Excluir as mulheres do acesso à liberdade implica permitir abusos que se incrementam segundo descendem as hierarquias dos cidadãos (geralmente homens) no interior do Estado, hierarquias que mantém esse mesmo Estado de direito.
Mais uma vez é procedente a objeção de Gargallo (2011, p. 35): se a Lei segue sendo devedora das mulheres como seres complementários, não pode considera-las responsáveis na mesma magnitude que os homens, entendidos como seres definidores da cidadania. Se segue considerando que as mulheres são portadoras de um corpo natural à disposição do homem e do Estado, esperará que procriem e não que se comportem como cidadãs capazes de aportar o conjunto da sociedade, seus valores com respeito à vida e a saúde, de cuidado da natureza e do maio ambiente, do gosto pelo diálogo e pelas artes.

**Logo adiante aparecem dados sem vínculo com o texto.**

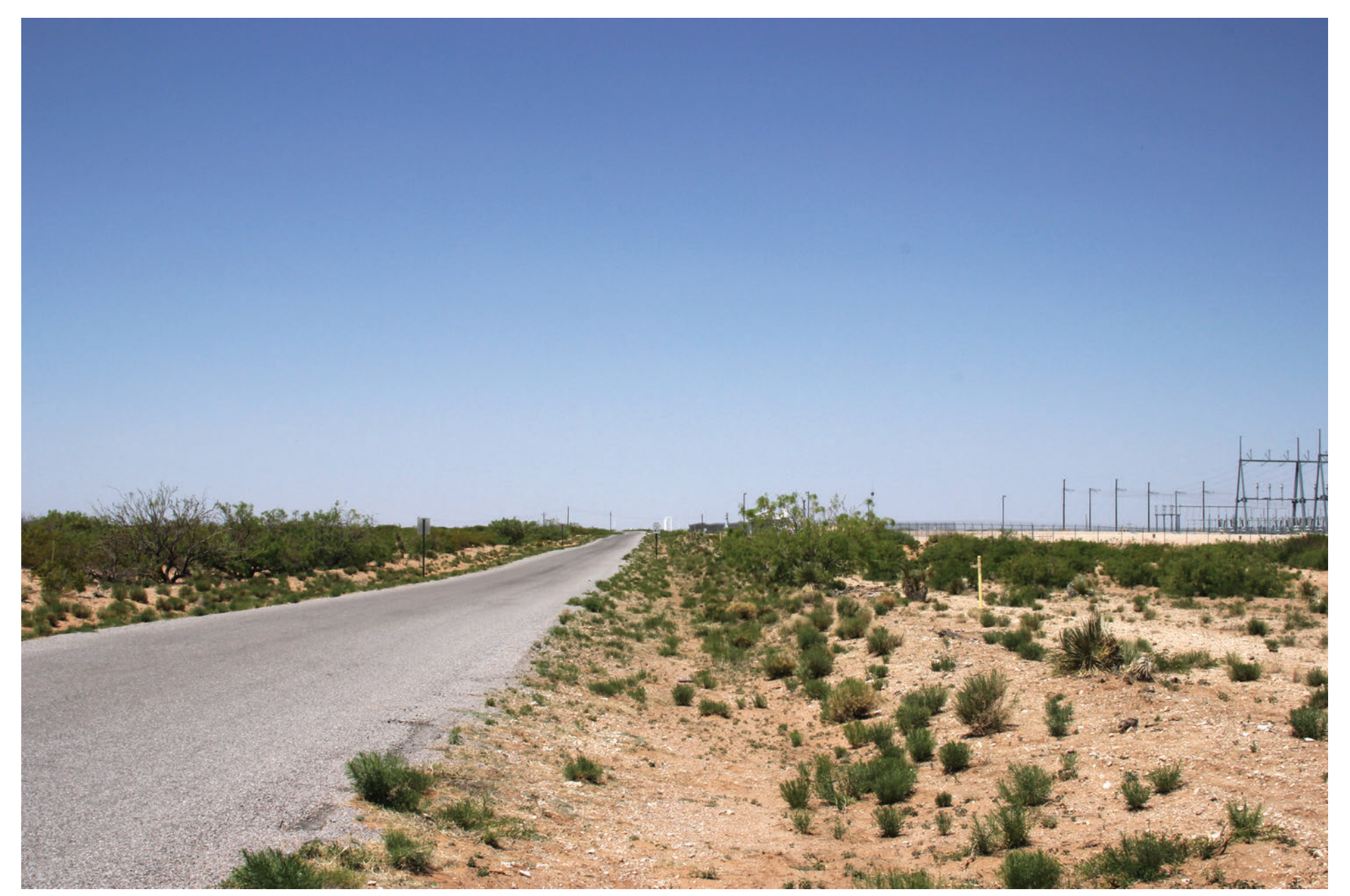
KOP P1-01. Existing view toward the representative ROW east of Afton substation along Afton Road.

FIGURE B-1 KOP P1-01. View from Afton Substation Southline Transmission Project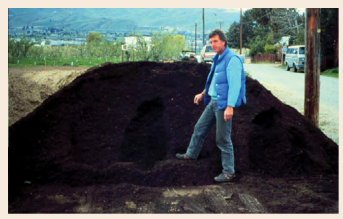
Making or purchasing compost for your soil fertility needs will include assuring that all ingredients meet organic standards (see table 1).

Raw manure can be used from animals that have not been raised organically but all manure must be incorporated in the soil 4 months before harvest or composted (see Composting section on page 4). Composting at the proper oxygen level, temperature, and humidity should break down all synthetic materials in manure, but if you are concerned about the persistence of antibiotics, hormones, or other synthetic substances fed to animals that have not been raised on organic farms, you may wish to use manure only from organic farms or from a certified organic supplier.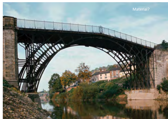
Figure 29-11 ABRAHAM DARBY III and THOMAS F. PRITCHARD, iron bridge at Coalbrookdale, England, 1776-1779.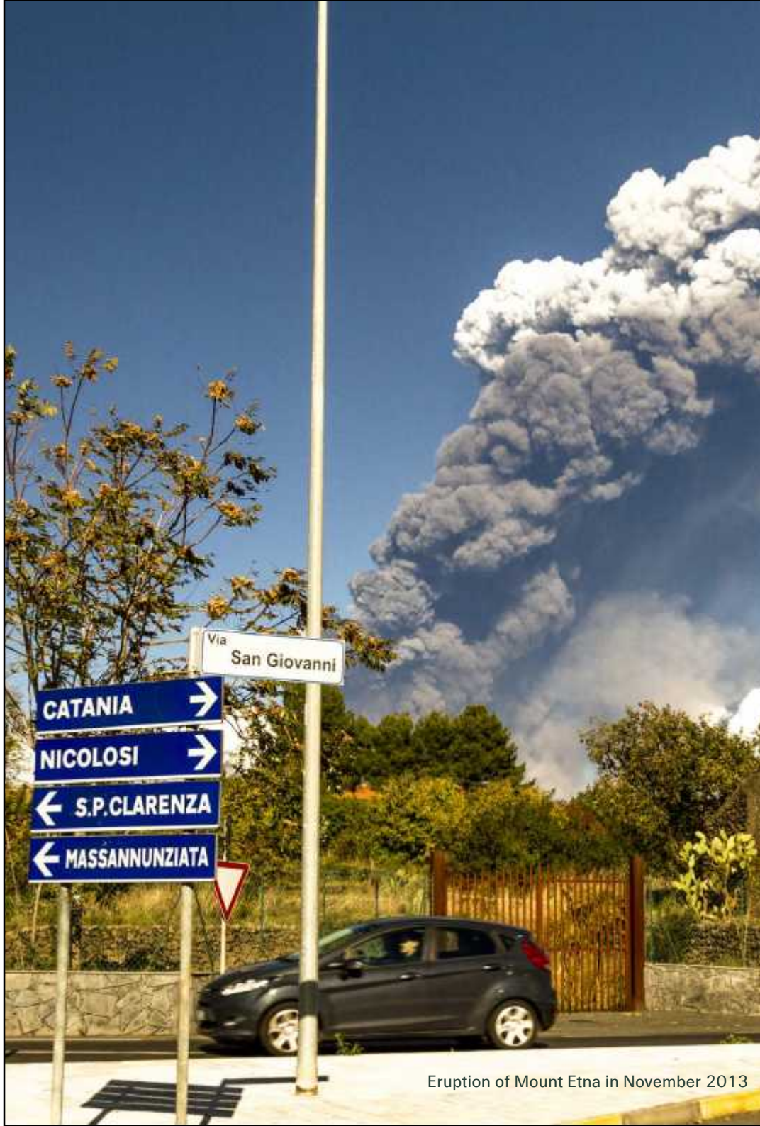
Eruption of Mount Etna in November 2013

Trata-se de um aparato jurídico e político sutil e danoso na medida em que os mesmos homens exercem sua supremacia sobre os corpos das mulheres de geração em geração, para detê-las no papel de gênero que lhes foi atribuído pela sociedade e impor um comportamento de submissão e obediência que satisfaça seus interesses, e através delas, para controlar toda a hierarquia de cidadãos que não alcançam a igualdade e a liberdade próprias da cidadania.
Homens, tirem as suas mãos violentas de nossos corpos!
Tirem seus rosários de nossos ovários!
Do nosso corpo nós, mulheres, entendemos, decidimos e resolvemos!
PelaVidadasMulheres #VivaseLivresNosQueremos
Referências:
FACIO, Alda. “Derecho a una vida libre de violencia de género. Derechos
reproductivos y la responsabilidad estatal”. Ponencia presentada el 5 de marzo en San José da Costa Rica. Costa Rica, 2009.
GARGALLO, Francesca. La justicia, las demandas de ciudadanía y las frustraciones ante los derechos humanos de las mujeres. In: ¿Y usted cree tener derechos? Acceso de las mujeres mexicanas a la justicia. Programa Universitario de Estudios de Género, UNAM, México, 2011, p. 25-40.
Teresa Kleba Lisboa é Coordenadora do Instituto de Estudos de Gênero (IEG/UFSC) e Professora Titular Aposentada, atuando no Programa de Pós Graduação Interdisciplinar em Ciências Humanas (PPGICH/UFSC).